Hotel Blue renovation in limbo as parent company is sold

Hotel Blue renovation in limbo as parent company is sold

From Downtown Albuquerque News

After 18 months of construction delays, the future of Hotel Blue remains as opaque as ever even as new corporate parents assume ownership of the building.

Los Angeles-based Arrive Hotels and Restaurants purchased the six-story hotel on Eighth and Central in 2018, and the following year unveiled its restoration plan, a $24 million project backed by $1.1 million in tax breaks approved by the city.

Plans called for a complete renovation of all 135 rooms and a restoration of the exterior facade that would return the building to its original 1965 look.
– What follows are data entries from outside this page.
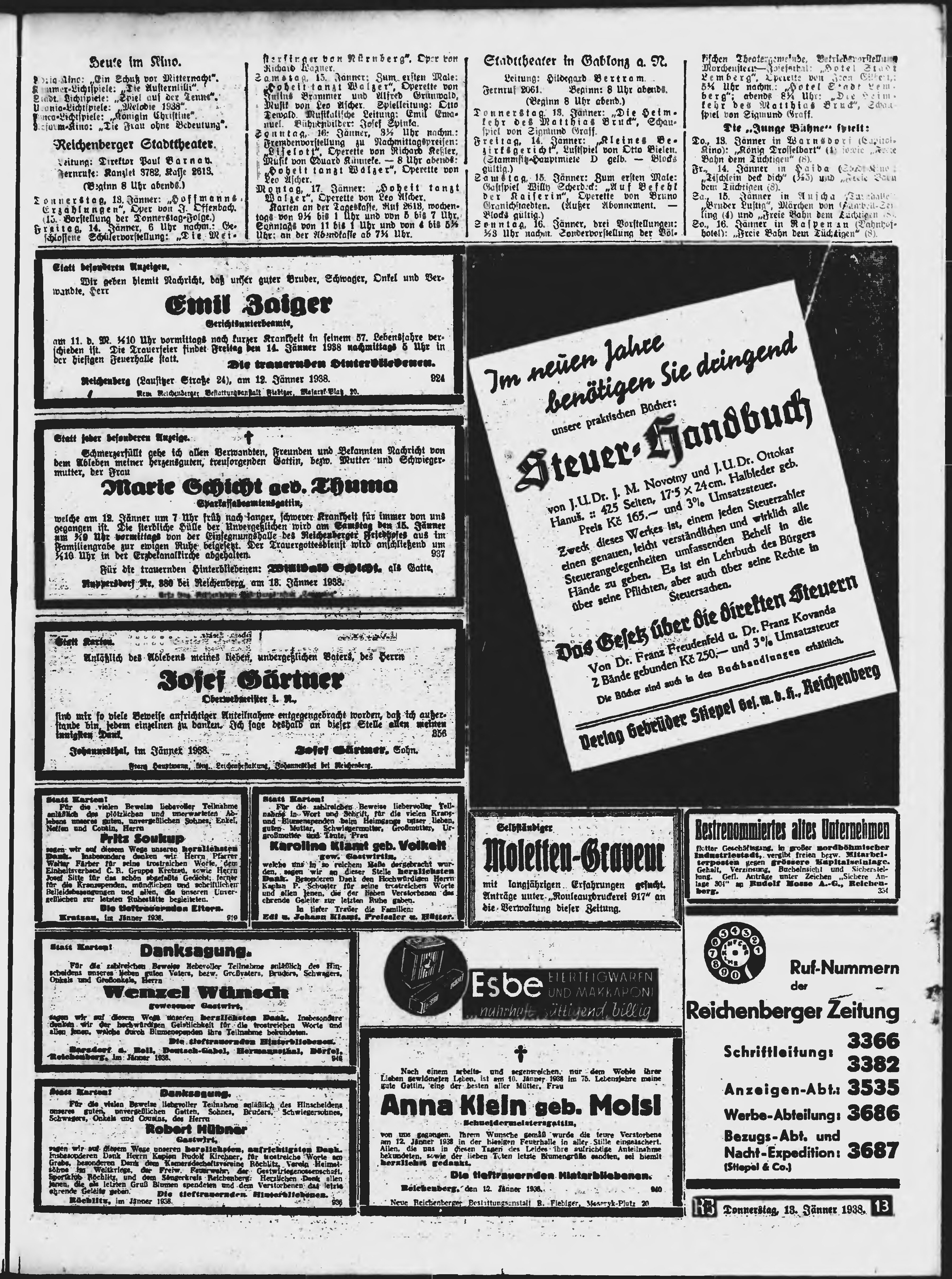 * Datum vydání výtisku: 13.1.1938 Číslo výtisku: 10 Poznámky k výtisku: ranní vydání;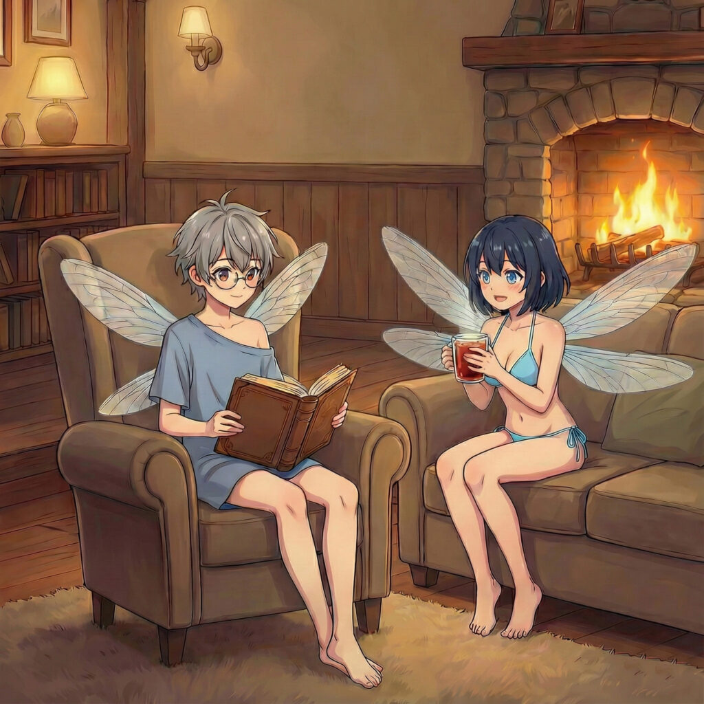 Funny saß auf dem Sofa, die dunkelblauen Haare glänzten im Feuerschein und sie hielt eine Tasse mit dampfendem Winterpunsch in beiden Händen. Darin saß im Sessel gegenüber, ein Buch über antike Runenmagie auf den Knien, seine Brille rutschte langsam die Nase hinunter. Es war perfekt. Friedlich. Harmonisch.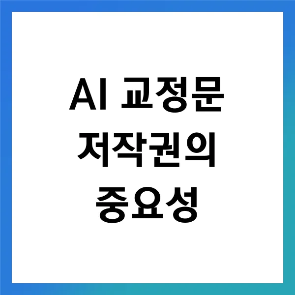 결론적으로, AI 교정문 저작권의 중요성은 기술적 발전과 사회적 법적 환경의 변화 속에서 무시할 수 없는 요소 입니다. 이는 법적 보호를 통해 창작자의 권리를 지키고 , 창의적인 콘텐츠 생산을 장려하며, 기업과 사회 전반에 긍정적인 영향을 미칠 수 있다 는 점에서 그 의미가 큽니다. AI 교정문에 대한 저작권 보호는 단순한 법적 쟁점을 넘어서, 디지털 시대의 새로운 창작 생태계를 구축하는 데 기여하는 중요한 기초 가 됩니다.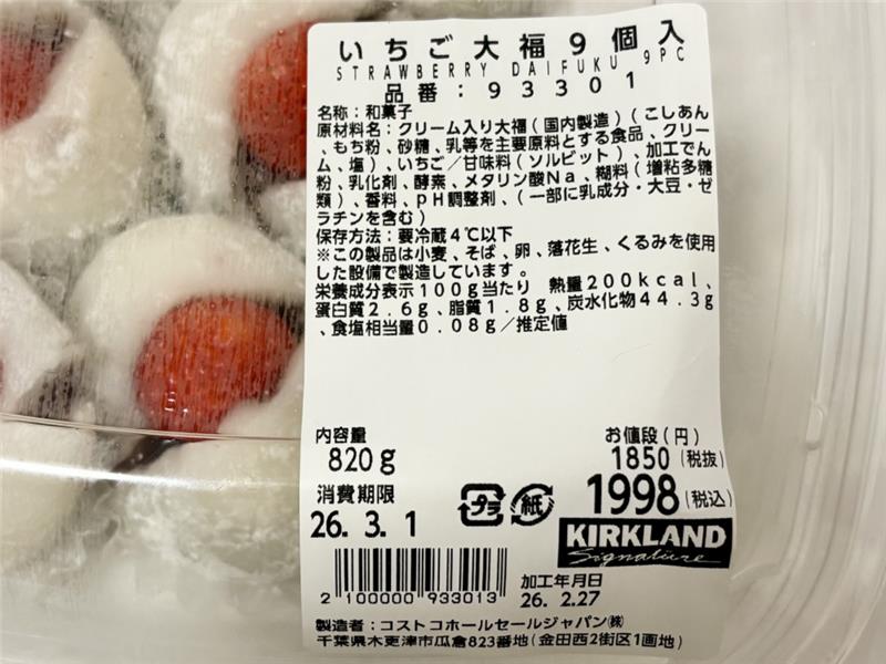 コストコ新商品「いちご大福 9個入り」の商品詳細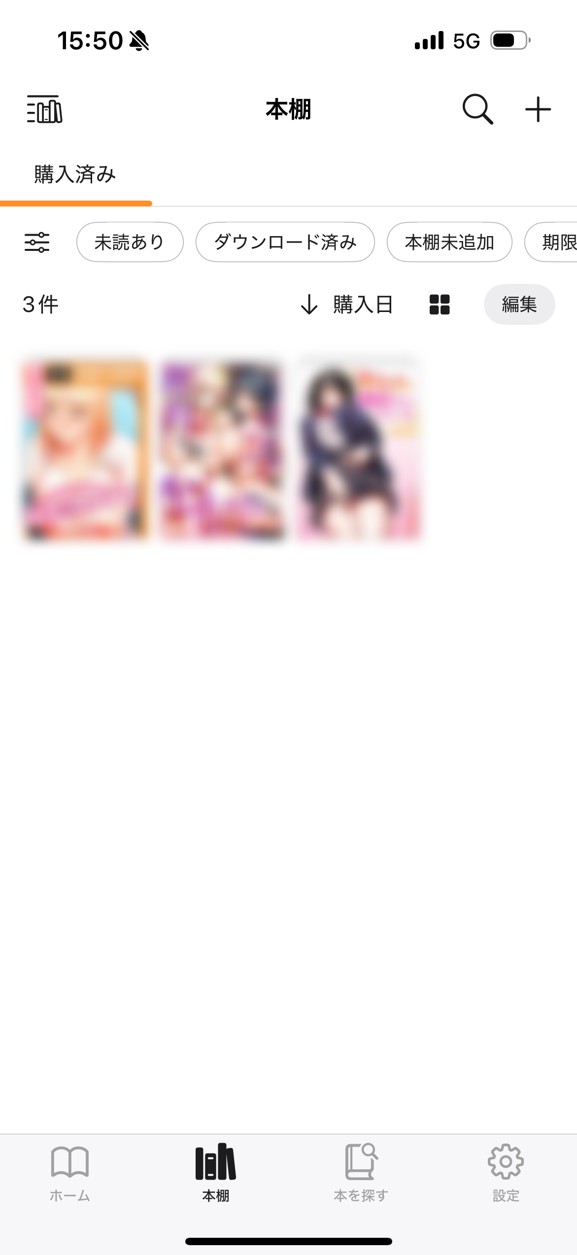 ログインが完了すると、画面下部にある「本棚」タブから、これまでに購入したFANZA漫画や写真集、電子書籍の一覧を確認できます。
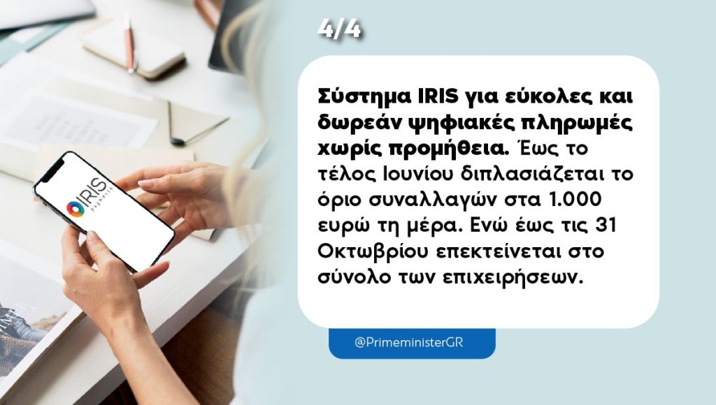 Άλλο ένα σύστημα που «έπιασε», κατά το κοινώς λεγόμενο, είναι το σύστημα IRIS που δίνει τη δυνατότητα για εύκολες και δωρεάν ψηφιακές πληρωμές χωρίς προμήθεια. Μάλιστα η Ελλάδα είναι σήμερα μία από τις χώρες της Ευρωζώνης με τον υψηλότερο βαθμό υιοθέτησης άμεσων πληρωμών χωρίς προμήθεια. Το 2020, οι πληρωμές μέσω IRIS ήταν μόλις 51 εκ. ευρώ. Το 2024 έφτασαν τα 6,4 δισ. ευρώ. Μέσα στο 2025, και ενώ είμαστε μόλις στα μισά της χρονιάς, οι χρήστες αγγίζουν ήδη τα 3,8 εκατομμύρια, ενώ πάνω από 565.000 ελεύθεροι επαγγελματίες και ατομικές επιχειρήσεις χρησιμοποιούν την υπηρεσία. Σε μόλις τέσσερα χρόνια λοιπόν, το IRIS έχει εξελιχθεί στη δημοφιλέστερη λύση άμεσων πληρωμών μεταξύ ιδιωτών, ιδιαίτερα στην ηλικιακή ομάδα 18-35 ετών. Σε αυτό συνέβαλαν και οι δύο νομοθετικές μας παρεμβάσεις για τη διάδοση των άμεσων πληρωμών σε όλη την οικονομία, από τον ιδιώτη μέχρι τον επαγγελματία και την επιχείρηση. Και συνεχίζουμε: έως το τέλος Ιουνίου το ημερήσιο όριο συναλλαγών διπλασιάζεται στα 1.000 ευρώ την ημέρα, ενώ έως τις 31 Οκτωβρίου, το IRIS επεκτείνεται στο σύνολο των επιχειρήσεων. Ένα 100% ελληνικό σύστημα πληρωμών δείχνει τον δρόμο για το πώς η Ευρώπη μπορεί να αποκτήσει στρατηγική αυτονομία στον τομέα των πληρωμών, αλλά και στη νέα εποχή της χρηματοοικονομικής τεχνολογίας.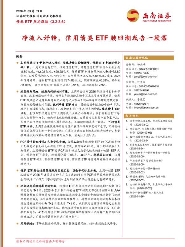 【西南证券】【202603】净流入好转,信用债类 ETF赎回潮或告一段落-16页 证券期货研究报告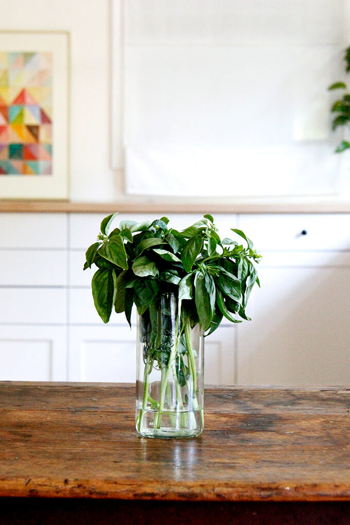 - 罗勒。上周我们走过去,但保持罗勒的冰箱将保留它长/更好。存储:剪掉任何橡皮筋,切断阀杆的底部1/2英寸左右,转移到玻璃或球罐里的水装满了少量的水。见上图。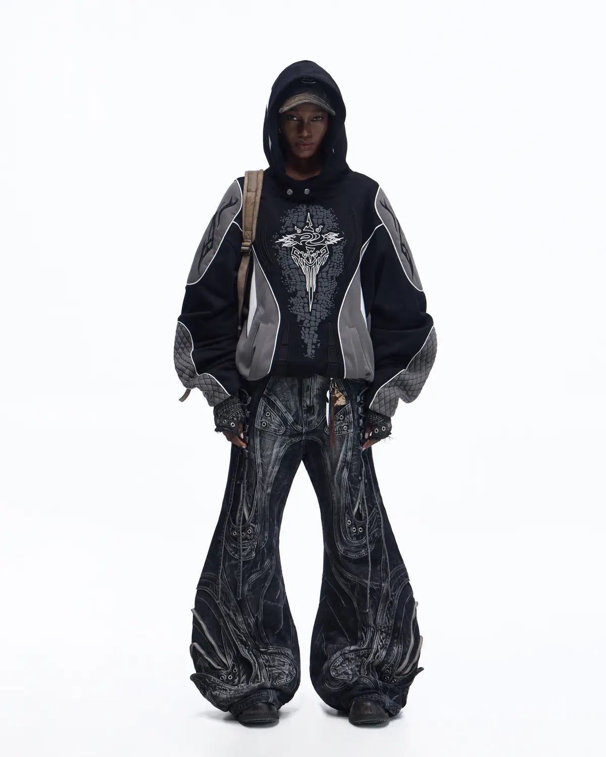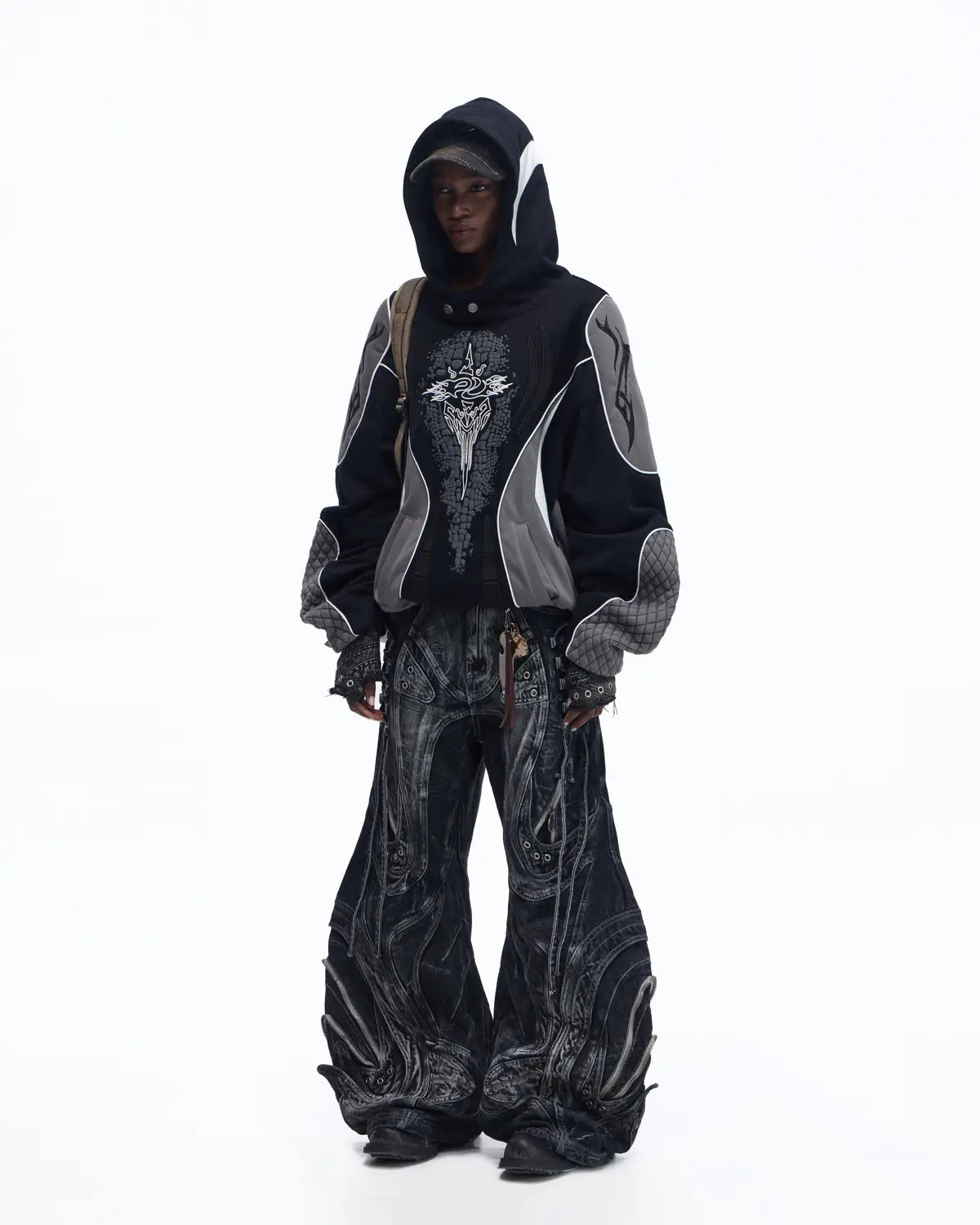 Personsoul Totem Color-Block Racing Hoodie In Black

The company also promised other amenities, including a coffee shop on the ground floor, meeting and event rooms, and regular food trucks in the adjacent parking lot. (Though they pulled back on the idea of a full restaurant.) Ground was to be broken by 2020, and Arrive was hopeful the new hotel would open sometime in 2021.

Last year, Arrive blamed some delays on a drawn-out permitting process and then on the pandemic, which disrupted its financing package.

Then, last November, a Los Angeles-based company called Palisociety acquired Arrive and Hotel Blue, according to a press release that did not disclose the terms of the purchase. Palisociety announced the purchase in January.

So far, the new owner isn’t saying much about the renovation’s progress: “They are still very much in pre-development mode on the hotel so don’t have a ton of confirmed detail to share quite yet,” a representative for Palisociey’s PR firm, Raluca State Public Relations, told DAN. “Construction is hopefully slated to start again in the coming months. All pending some COVID-related delays and outside factors.”

City spokeswoman Sarah Wheeler, who works with the same Economic Development Department that helped organize the $1.1 million tax break, said the department believes Palisociety still plans to proceed.

“The city wants to support this project and all projects that benefit the residents of Albuquerque, and we understand that the pandemic has required many businesses to alter their plans,” Wheeler said. “We evaluate each project individually and work with the company to reach the best path forward for everyone.”